Could you repeat, exactly and with no pictures, only the lines from the start of the records through the line containing "Mundo Jurásico fue"?

Records from a collection:

********

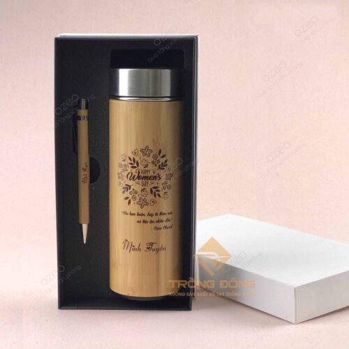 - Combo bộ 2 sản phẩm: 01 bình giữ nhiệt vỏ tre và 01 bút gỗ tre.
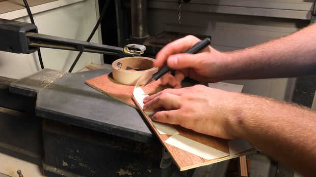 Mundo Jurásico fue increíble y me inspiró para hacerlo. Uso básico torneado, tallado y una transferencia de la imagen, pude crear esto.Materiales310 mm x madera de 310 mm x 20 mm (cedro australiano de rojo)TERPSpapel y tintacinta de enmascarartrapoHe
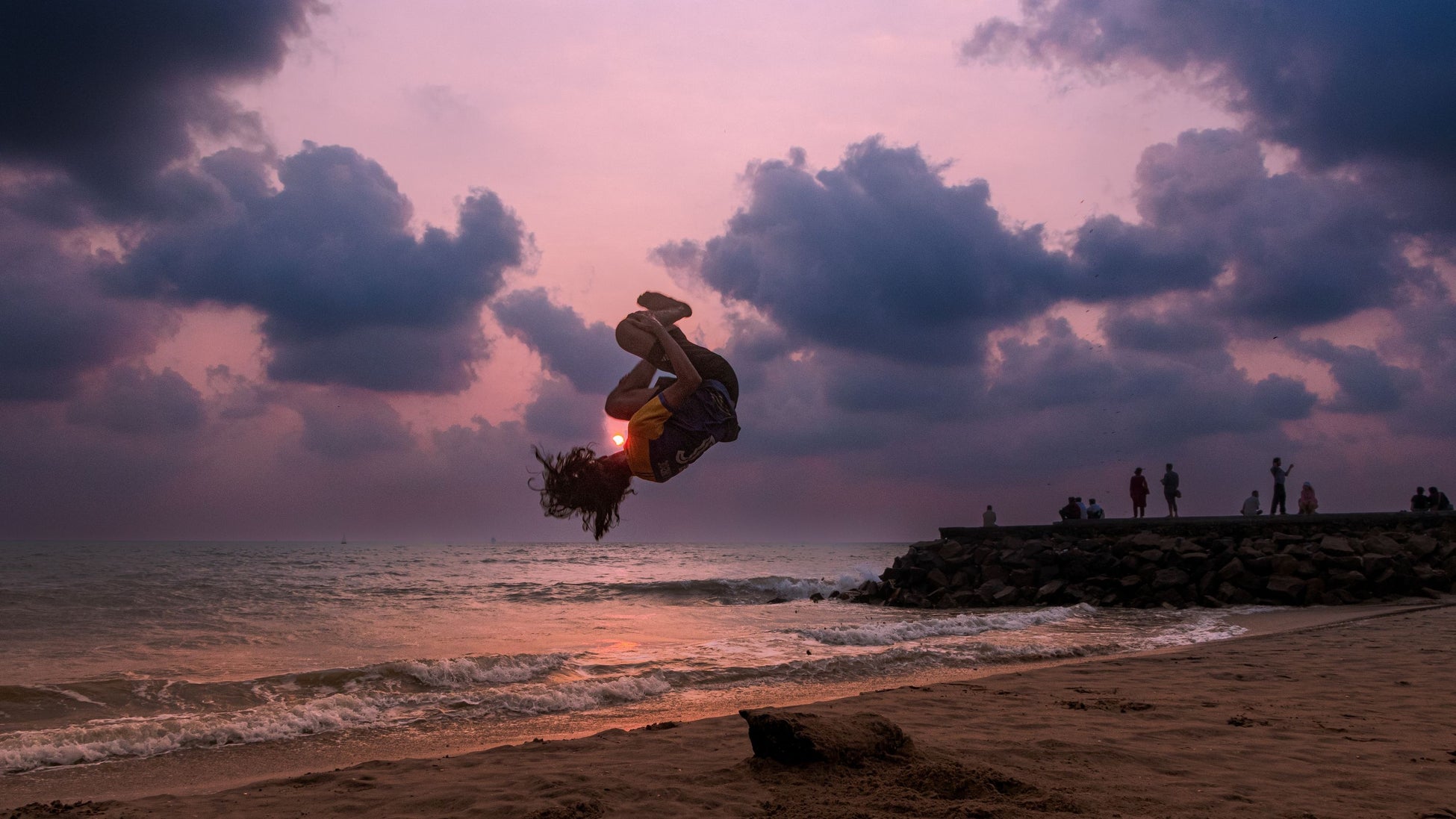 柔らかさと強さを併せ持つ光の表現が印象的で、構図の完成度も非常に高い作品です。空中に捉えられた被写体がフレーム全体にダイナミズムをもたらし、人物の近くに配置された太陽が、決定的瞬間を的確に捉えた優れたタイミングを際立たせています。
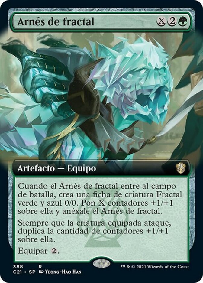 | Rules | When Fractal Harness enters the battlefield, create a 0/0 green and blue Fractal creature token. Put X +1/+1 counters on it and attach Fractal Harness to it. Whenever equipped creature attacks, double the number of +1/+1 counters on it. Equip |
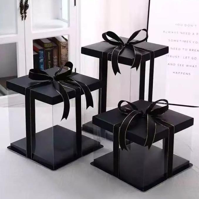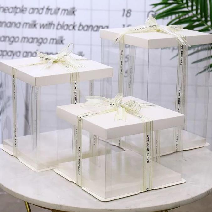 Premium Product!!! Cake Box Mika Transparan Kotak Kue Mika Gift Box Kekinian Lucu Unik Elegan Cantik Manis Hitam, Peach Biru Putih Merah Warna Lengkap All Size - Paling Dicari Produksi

********

Output of the exercise:
 - Combo bộ 2 sản phẩm: 01 bình giữ nhiệt vỏ tre và 01 bút gỗ tre.
 Mundo Jurásico fue increíble y me inspiró para hacerlo. Uso básico torneado, tallado y una transferencia de la imagen, pude crear esto.Materiales310 mm x madera de 310 mm x 20 mm (cedro australiano de rojo)TERPSpapel y tintacinta de enmascarartrapoHe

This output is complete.